This list of instructions can be envisioned as an intermediate representation (IR), as illustrated in Compilers: Principles, Techniques and Tools.
Our current task is to implement an execution engine (runtime) capable of handling these instructions, with a particular focus on memory allocation and deallocation.
Implementing the Runtime
Without further delay, here is how the runtime is implemented in our code.
public class Runtime
{
private List<Instruction> _instructions;
private Collectors.Interfaces.GarbageCollector _collector;
public Runtime(List<Instruction> instructions, string collectorStrategy)
{
_instructions = instructions;
_collector = GetCollector(collectorStrategy);
}
#region Public Methods
public void Run()
{
foreach (var instruction in _instructions)
{
_collector.ExecuteInstruction(instruction);
_collector.PrintMemory();
}
}
#endregion
}
The execution engine possesses the list of instructions to execute and a garbage collector (described below) to be utilized during memory deallocation.
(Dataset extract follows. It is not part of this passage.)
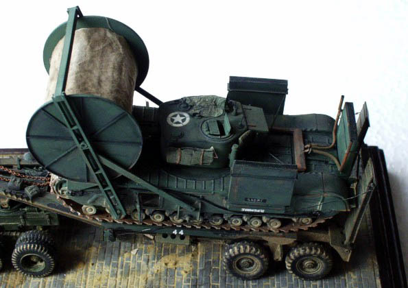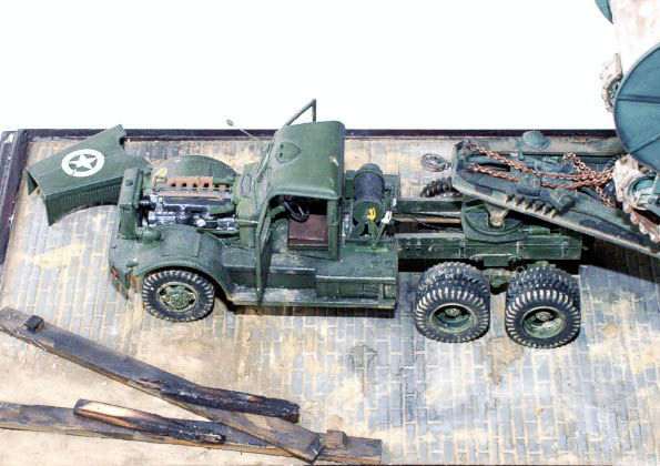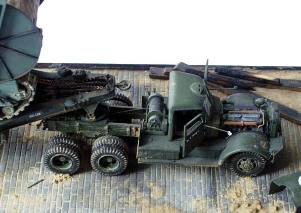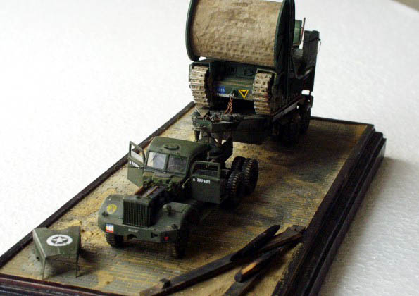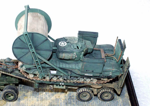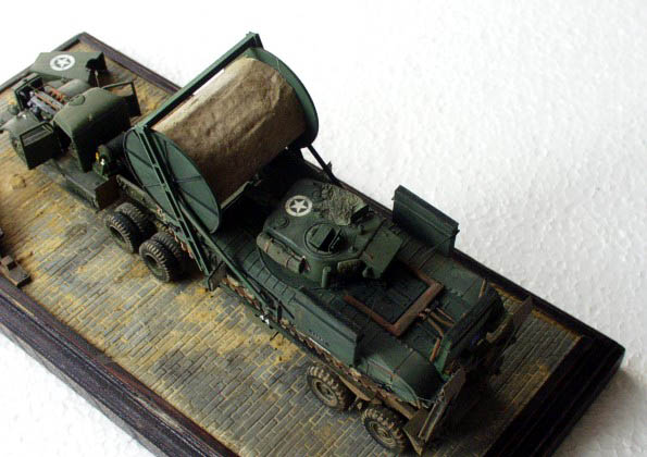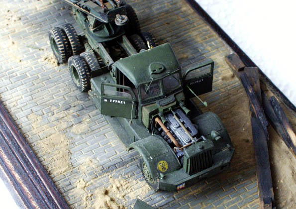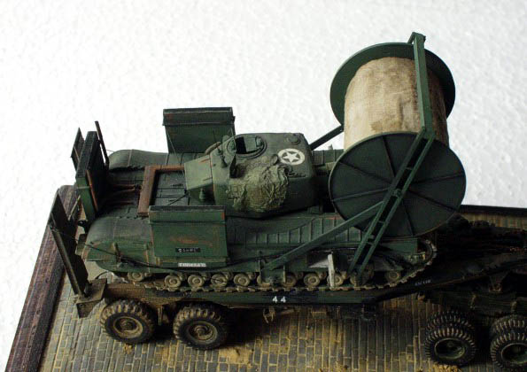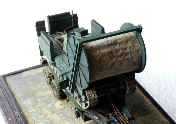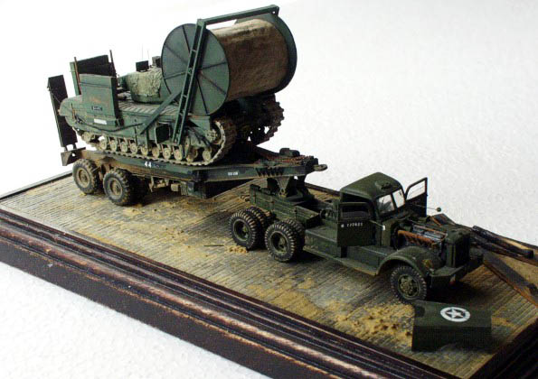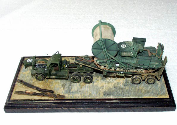 | Documentation: Wheels&Track No 54 Les Vehicles du Debarqement 1994 my photos taken in Transport Muzeum Beverly UK, Duxford UK pictures from W&T, Militaria magazine AIRFIX Magazine – Churchill Carpet Layers by W.J.Cane WHITE STAR PLANE 1997 The model of this experimental type of towing vehicle is more than 80% scratchbuilt. The original kit parts are the side sills, fenders and the pattern of the tires. All other parts are new. I made them using casting technology or made of the plastic sheets, brass, wire and other materials. This Diamond T 980 is airbrushed with Humbrol paint M 117 and patina is realized with M 29. All is finished using technique of ”shadowing”! The decals are my own production using technique of ”brown tape, varnish and paint”. I was building this model together with model of DIAMOND T 981 open cab WRECKER. The model of Trailer is based on AIRFIX kit. I just modified some parts and add some details to get better appearance (the departure blocks, the hold-down rod for the departure blocks, the box for wood, the parking ”legs”, the rope drum, the cables atc.). The model is airbrushed with Humbrol paint M 30 and ”Mickey Mousses” are painted with Humbrol paint M 33. The model of the CHURCHILL Mk. IV tank is based on MATCHBOX - CHURCHILL A.V.R.E.BRIDGE kit. I modified and add few new parts modeling this kit. The model has completely new interior, the induction ports and the exhaust tubes. The side and upper hatches are open also new equipment and tracks are added. The special part of the model is the ”spool” made according to conversion instruction published AIRFIX Magazine. The model is airbrushed with Humbrol paint M30 and the patina is realized with M 29. All is finished using the technique of shadowing. It took me about 400 hours to finish all these models. I placed on 3rd place on IMPS UK show in 1998 and also on 3rd place on Czech republic Model competition 1998 with these models. Mgr. Petr Dusek - Ricany |

It also includes a Run
method called by the main thread.
public class Program
{
static void Main(string[] args)
{
var instructions = new List<Instruction>();
var contents = File.ReadAllLines(AppContext.BaseDirectory + "/instructions.txt");
foreach (var line in contents)
{
var c = line.Split(';');
var intruction = new Instruction(c[0], c[1], c[2]);
instructions.Add(intruction);
}
var runtime = new Runtime(instructions, "MARK_AND_COMPACT");
runtime.Run();
}
}
The Runtime
class also requires a memory collection strategy to apply. As we will explore, there are several possibilities for memory collection, and designing an effective garbage collector is indeed a subtle art.
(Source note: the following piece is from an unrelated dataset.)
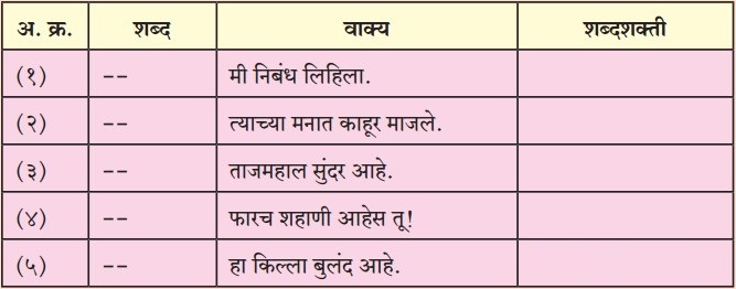 (इ) शब्दशक्तीनुसार तक्ता पूर्ण करा.

Defining the GarbageCollector Interface
The Runtime
class requires a GarbageCollection
instance to operate. This instance implements the GarbageCollection abstract class
, whose methods are detailed below:
public abstract class GarbageCollector
{
public abstract void ExecuteInstruction(Instruction instruction);
public abstract int Allocate(string field);
public abstract void Collect();
public abstract void PrintMemory();
}
In essence, the GarbageCollector
class presented here serves as an orchestrator to execute the list of instructions and manage memory allocation and collection. In real-world implementations, these abstractions would typically be kept separate, but for simplicity's sake, the goal here is to streamline the representation.
The PrintMemory
method is merely a helper function designed to visualize the content of the heap during debugging.
Defining a Thread
A thread refers to the smallest unit of execution within a process. A process is an independent program that runs in its own memory space, and within a process, multiple threads can exist. Each thread shares the same resources, such as memory, with other threads in the same process.
- Threads enable concurrent execution of tasks, allowing multiple operations to be performed simultaneously. They operate independently, with their own program counter, registers, and stack, but they share the same memory space. Threads within the same process can communicate and synchronize with each other.
- Threads are widely used in modern software development to improve performance, responsiveness, and resource utilization in applications ranging from desktop software to server applications and distributed systems.
public class RuntimeThread
{
private Collectors.Interfaces.GarbageCollector _collector;
private Stack<RuntimeStackItem> _stack;
private Dictionary<int, RuntimeStackItem> _roots;
private int _stackSize;
private int _index;
public string Name { get; set; }
public RuntimeThread(Collectors.Interfaces.GarbageCollector collector,
int stackSize, string name)
{
_collector = collector;
_stack = new Stack<RuntimeStackItem>(stackSize);
_roots = new Dictionary<int, RuntimeStackItem>();
_stackSize = stackSize;
_index = 0;
Name = name;
}
public Dictionary<int, RuntimeStackItem> Roots => _roots;
public void PushInstruction(string value)
{
_index++;
if (_index > _stackSize) throw new StackOverflowException();
var address = _collector.Allocate(value);
var stackItem = new RuntimeStackItem(address);
_stack.Push(stackItem);
_roots.Add(address, stackItem);
}
public void PopInstruction()
{
_index--;
var item = _stack.Pop();
_roots.Remove(item.StartIndexInTheHeap);
}
}
A thread is characterized by a name and executes its own list of instructions. The crucial point is that threads share the same memory. This translates into the fact that in a program, there can be multiple threads, and consequently, multiple stacks, but there is generally one heap shared among all threads.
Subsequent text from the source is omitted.